In other cases, distribution laws serve the interest of preserving the current power structure and limiting newcomers. Take for example, the beer franchise laws. Again, it varies from state to state, but in many cases, once a small brewer signs a distribution agreement in its initial stages of growth, it's shackled to that wholesaler. "The ways the laws are written, once you have a franchise agreement, you can't really get out of it," says Tom Kehoe, co-founder of Yards Brewing Company in Philadelphia. "When a small brewer wants to move to a bigger wholesaler, it's up to the wholesaler, who can sell those distribution rights for that brand or even trade brands with another wholesaler."


Craft brewers and craft beer enthusiasts have good reason to be skeptical of viewing big brewers as worthy stewards of the craft industry. From the end of prohibition through the 1980s, the beer industry has seen constant consolidation. Regional brewers either went out of business or were bought up. As a result, the beer drinker of the late seventies had pitifully few choices.

On tap at the local pub were the usual suspects: Bud, Miller, Coors, and maybe an import like Heineken. In 1979, there were 44 brewing companies in the U.S. Today, there are 2,126. For the most part, there was one kind of beer available: what is derided in craft circles as "fizzy yellow beer" - also known as "adjunct" or "corn" lagers. Adjunct refers to the addition of cheap ingredients (corn, rice) to lighten a beer's taste or lower production costs.

Federal restrictions on home brewing were lifted in 1978, leading to increased amateur experimentation. Meanwhile, a handful of pioneering breweries demonstrated the viability of craft beer as a regional business.

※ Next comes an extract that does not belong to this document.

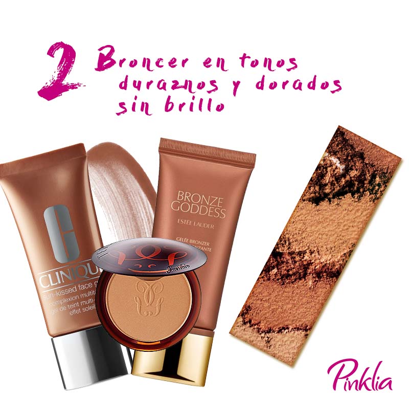 Conseguir el bronzer para cada tonalidad de piel es la mitad del camino. Los bronzers en tonos durazno o dorados sin brillo son lo que más recomiendo, sobre todo en pieles blancas. Lo mejor es usar un bronzer dos tonos más oscuros que el color de tu piel.
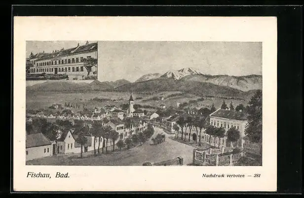 AK Bad Fischau, Hotel, Ortspartie mit Strasse

In 1984, Jim Koch founded The Boston Beer Company and started brewing Samuel Adams Boston Lager, the beer that arguably kicked off the craft beer renaissance of the 1990s. "You gotta remember, this was a totally different world," says Koch. "In 1984, if you were an American beer drinker, you could not get a great glass of beer. You could get mass-produced beers, which are fine for what they are, but they're not trying to be great."

But craft brewers' are gaining increased recognition and more states have adopted craft-friendly legislation over the years.

Very much the optimist, Dogfish's Sam Calagione has faith in his customers. "I think the consumer understands what it takes for a little 7,000-square-foot brewery that is owned by people who live in their hometown to brew on a small scale. Consciously or subconsciously, when they think of craft-brewed beer, they think a small company made that beer and that's why that beer costs a little bit more, that's why that beer is more flavorful."